Supplied material below:

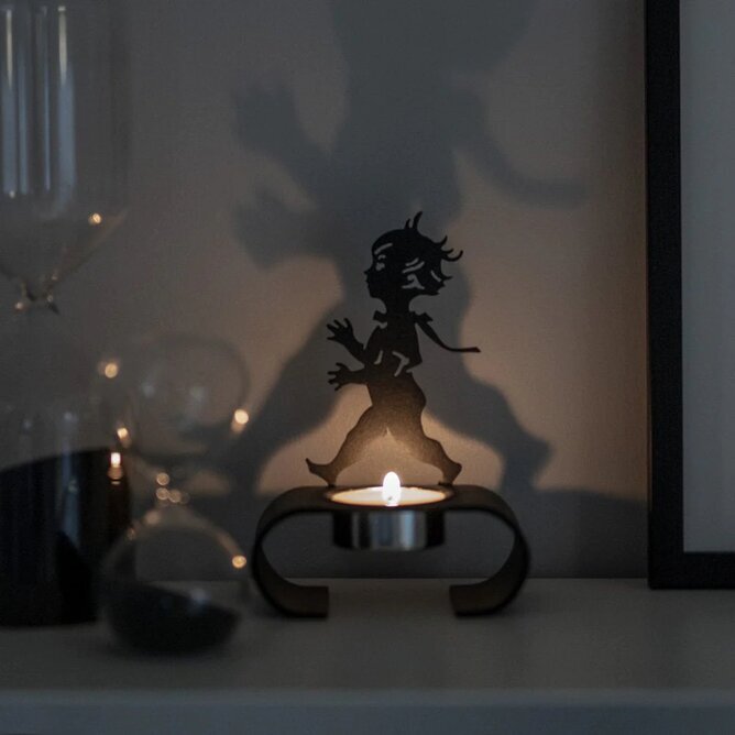 Skapa en inbjudande och stämningsfull atmosfär i ditt hem med denna vackra silhuettljusstake för värmeljus.
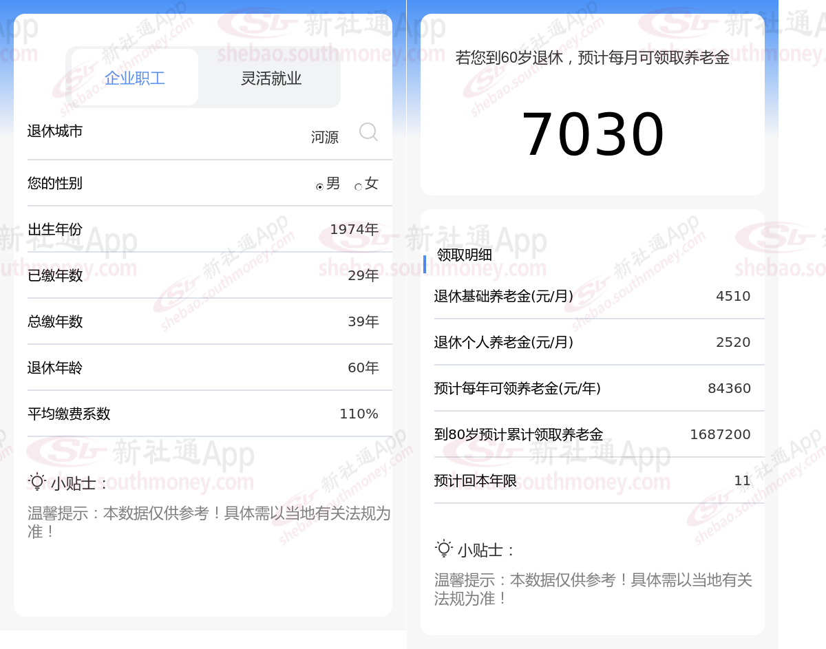 通过新社通APP-养老金计算所得:退休城市、出生年份、退休年龄、缴费系数都相同的情况下,社保缴费年限累计39年时,计算如下:
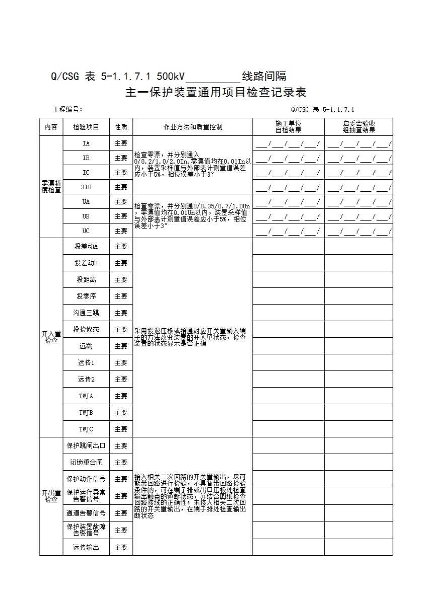 表格名称:QCSG 表 5-1.1.7.1 500kV______线路间隔 主一保护装置通用项目检查记录表
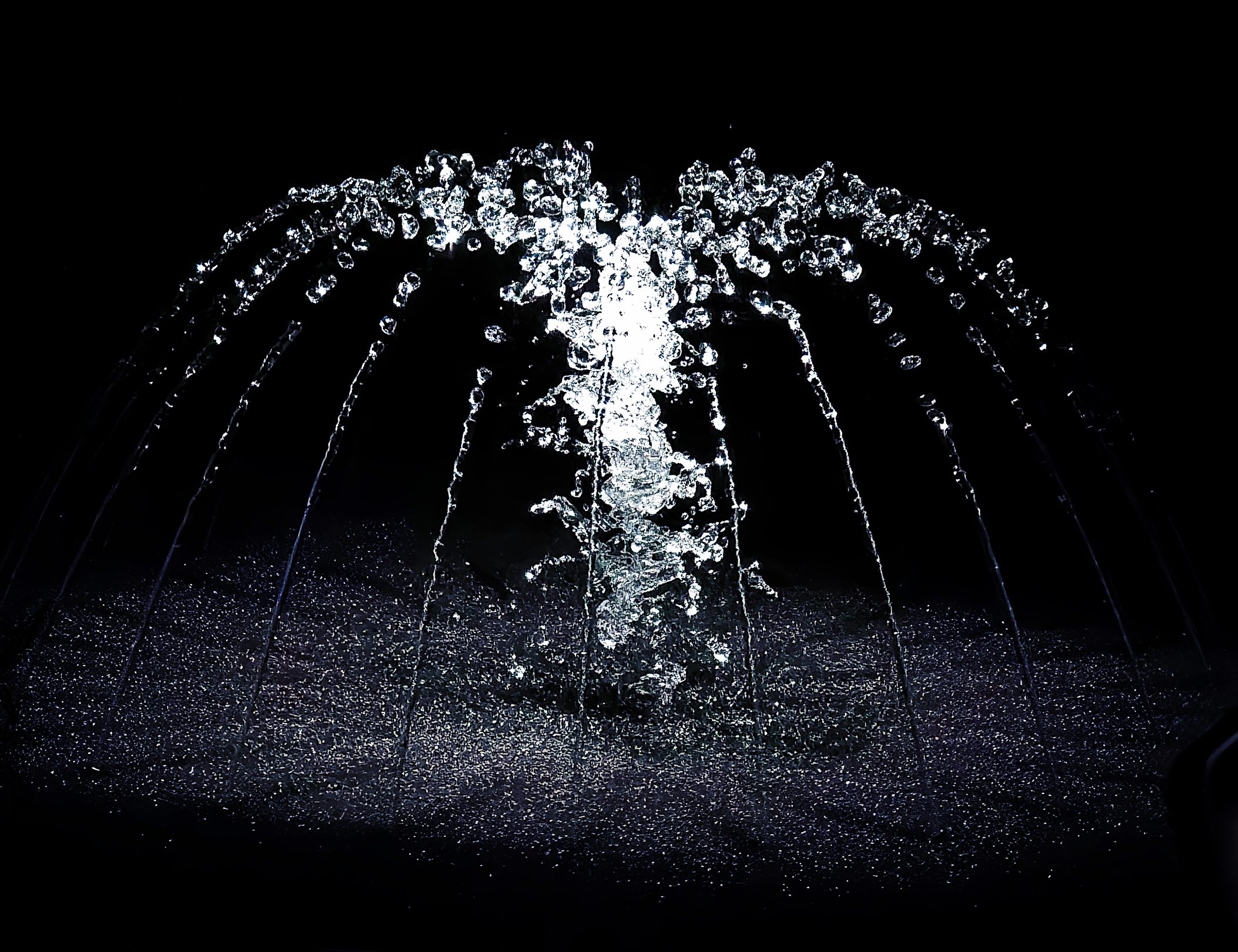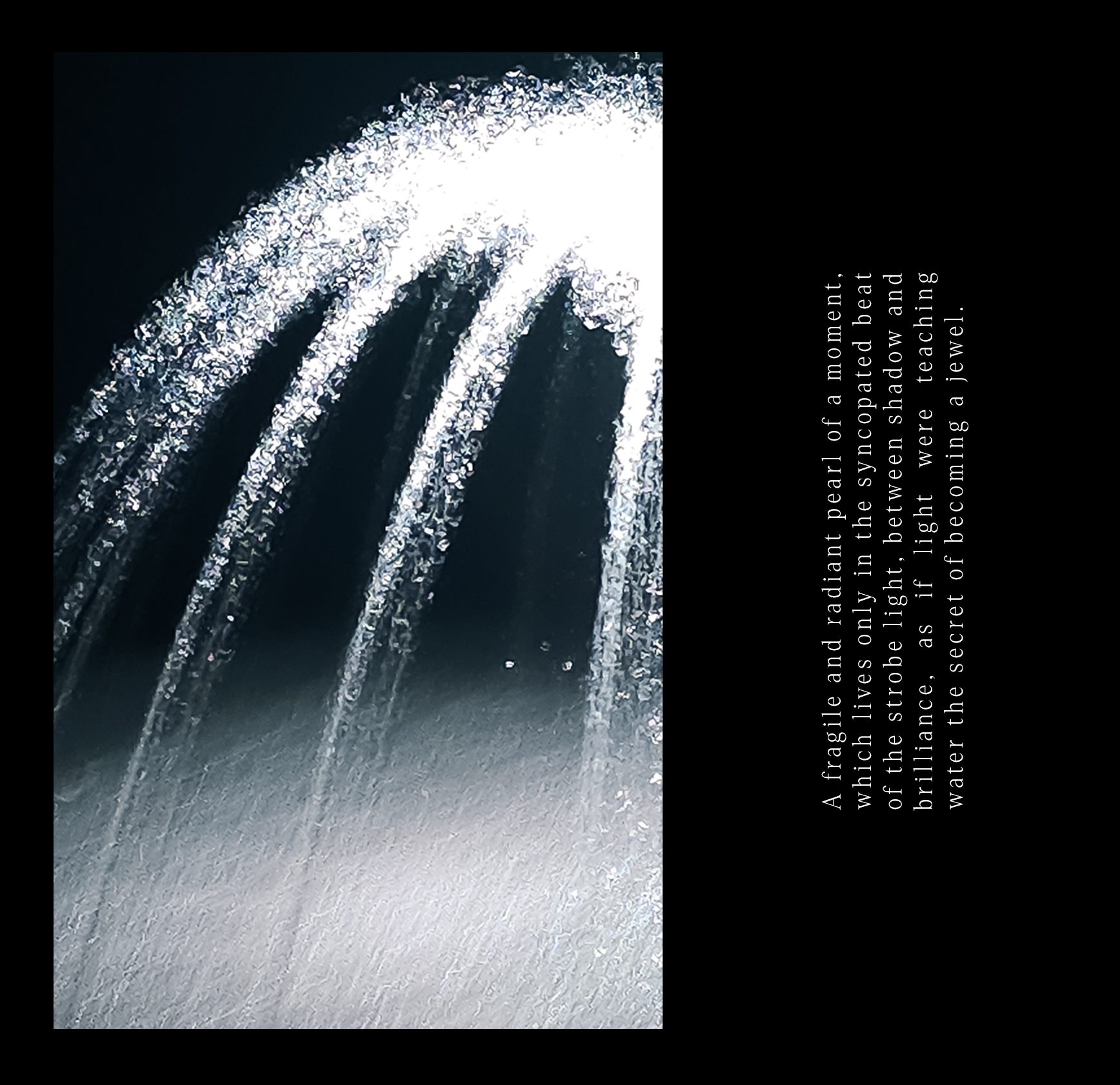 The stroboscopic flash suspends the moment and transforms the invisible flow into a sculpture of light. Each drop of water freezes into a sparkling pearl, bursting like a jewel in the air, revealing the secret beauty of a movement turned into eternity.
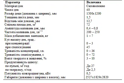 Шлюз складається з двох пакетів (по 20 шт.) паралельних гладких дек розміром 1,5×1,2 м, виготовлених зі скловолокна і поліефірних смол. Деки розташовані на невеликій відстані одна від одної і в робочому положенні нахилені під кутом до 3º до горизонту. Декам надають орбітальних коливань у своїй площині під дією дебалансного вібратора, який розташований між пакетами. Кругові коливання дек з похилим потоком сприяють кращому і більш селективному просуванню зерен в потоці: рух важких осілих зерен сповільнюється, що сприяє змиву легких зерен.

End of Supplied material.

What you need to do.
Please output all of the entries exactly as they appear, with no pictures.

Output below.
 Skapa en inbjudande och stämningsfull atmosfär i ditt hem med denna vackra silhuettljusstake för värmeljus.
 通过新社通APP-养老金计算所得:退休城市、出生年份、退休年龄、缴费系数都相同的情况下,社保缴费年限累计39年时,计算如下:
 表格名称:QCSG 表 5-1.1.7.1 500kV______线路间隔 主一保护装置通用项目检查记录表
 The stroboscopic flash suspends the moment and transforms the invisible flow into a sculpture of light. Each drop of water freezes into a sparkling pearl, bursting like a jewel in the air, revealing the secret beauty of a movement turned into eternity.
 Шлюз складається з двох пакетів (по 20 шт.) паралельних гладких дек розміром 1,5×1,2 м, виготовлених зі скловолокна і поліефірних смол. Деки розташовані на невеликій відстані одна від одної і в робочому положенні нахилені під кутом до 3º до горизонту. Декам надають орбітальних коливань у своїй площині під дією дебалансного вібратора, який розташований між пакетами. Кругові коливання дек з похилим потоком сприяють кращому і більш селективному просуванню зерен в потоці: рух важких осілих зерен сповільнюється, що сприяє змиву легких зерен.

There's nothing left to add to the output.